------ Material for this exercise
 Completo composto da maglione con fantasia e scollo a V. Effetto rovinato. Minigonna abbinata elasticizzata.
------------
------ Material for this exercise
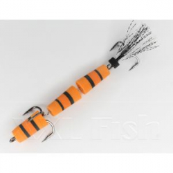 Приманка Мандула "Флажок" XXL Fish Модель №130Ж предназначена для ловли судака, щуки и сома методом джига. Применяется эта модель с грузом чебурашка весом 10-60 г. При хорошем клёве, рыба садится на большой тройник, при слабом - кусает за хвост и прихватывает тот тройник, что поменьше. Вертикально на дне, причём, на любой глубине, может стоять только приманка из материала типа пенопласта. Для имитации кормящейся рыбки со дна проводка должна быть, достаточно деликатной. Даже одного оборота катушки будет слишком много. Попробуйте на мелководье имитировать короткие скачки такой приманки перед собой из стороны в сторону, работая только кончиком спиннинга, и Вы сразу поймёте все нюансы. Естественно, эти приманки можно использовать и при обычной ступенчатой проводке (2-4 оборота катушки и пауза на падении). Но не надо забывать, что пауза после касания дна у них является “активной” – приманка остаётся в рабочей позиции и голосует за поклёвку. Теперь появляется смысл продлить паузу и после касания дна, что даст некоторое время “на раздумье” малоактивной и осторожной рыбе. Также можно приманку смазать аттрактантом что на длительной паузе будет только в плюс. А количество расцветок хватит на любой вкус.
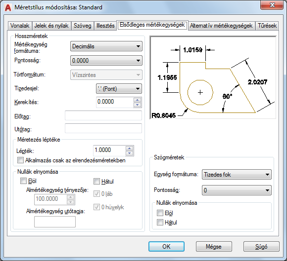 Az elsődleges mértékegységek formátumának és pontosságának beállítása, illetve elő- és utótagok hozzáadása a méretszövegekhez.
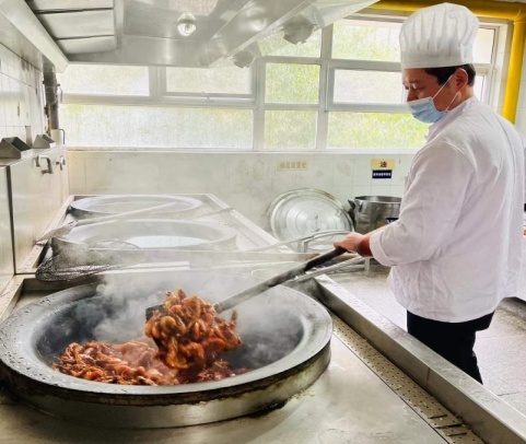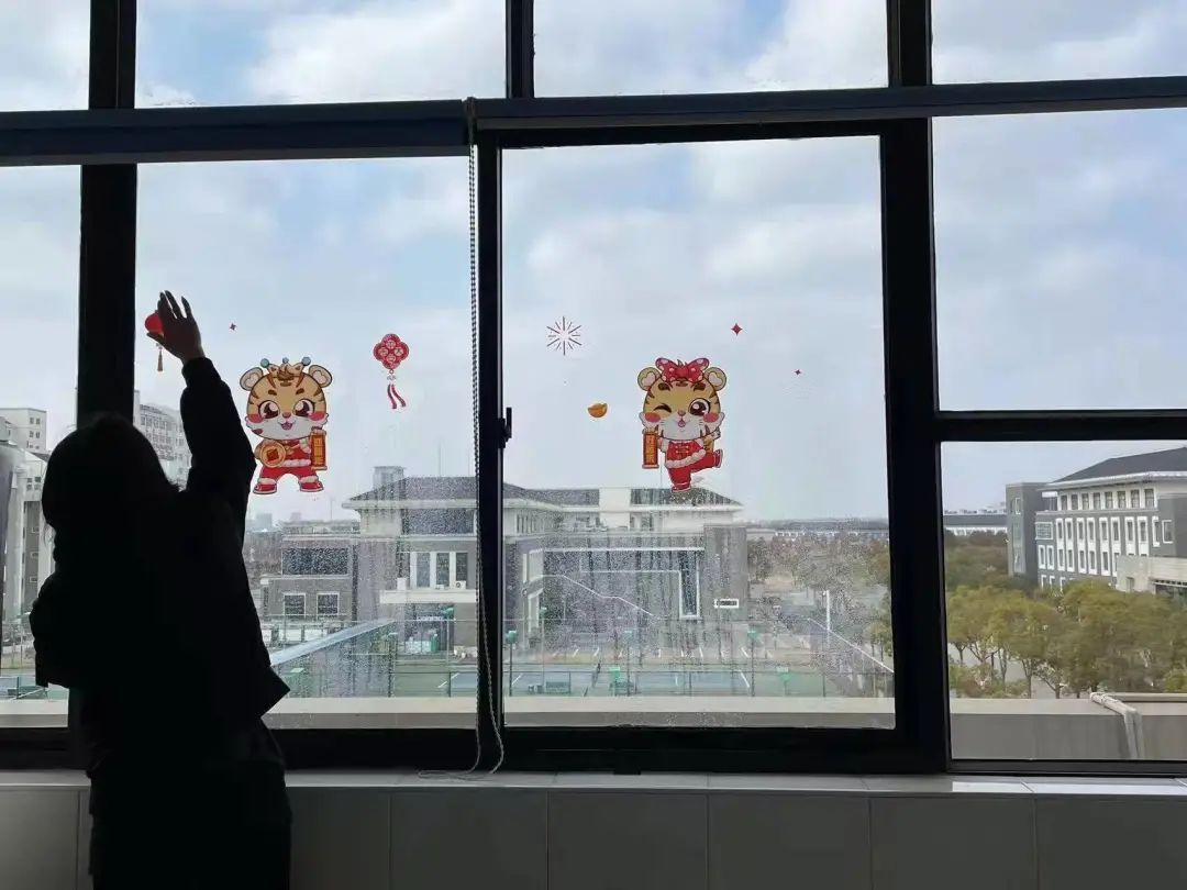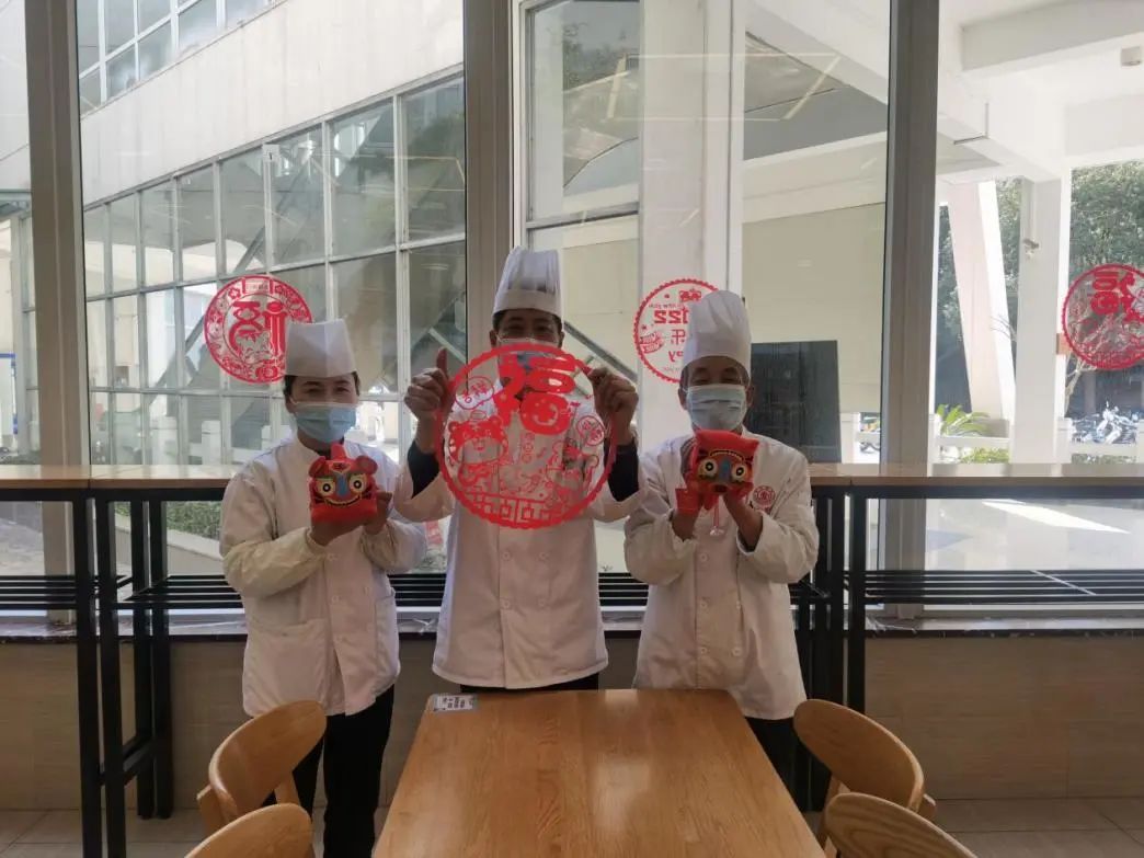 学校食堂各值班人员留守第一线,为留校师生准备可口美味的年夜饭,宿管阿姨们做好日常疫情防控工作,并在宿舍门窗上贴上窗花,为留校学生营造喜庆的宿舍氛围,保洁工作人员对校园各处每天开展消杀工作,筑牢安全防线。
------------
Work required:
Word for word, restate the lines above from the one with "Az elsődleges mértékegységek" through the one with "学校食堂各值班人员留守第一线", keeping both ends and dropping the pictures.

Final answer:
 Az elsődleges mértékegységek formátumának és pontosságának beállítása, illetve elő- és utótagok hozzáadása a méretszövegekhez.
 学校食堂各值班人员留守第一线,为留校师生准备可口美味的年夜饭,宿管阿姨们做好日常疫情防控工作,并在宿舍门窗上贴上窗花,为留校学生营造喜庆的宿舍氛围,保洁工作人员对校园各处每天开展消杀工作,筑牢安全防线。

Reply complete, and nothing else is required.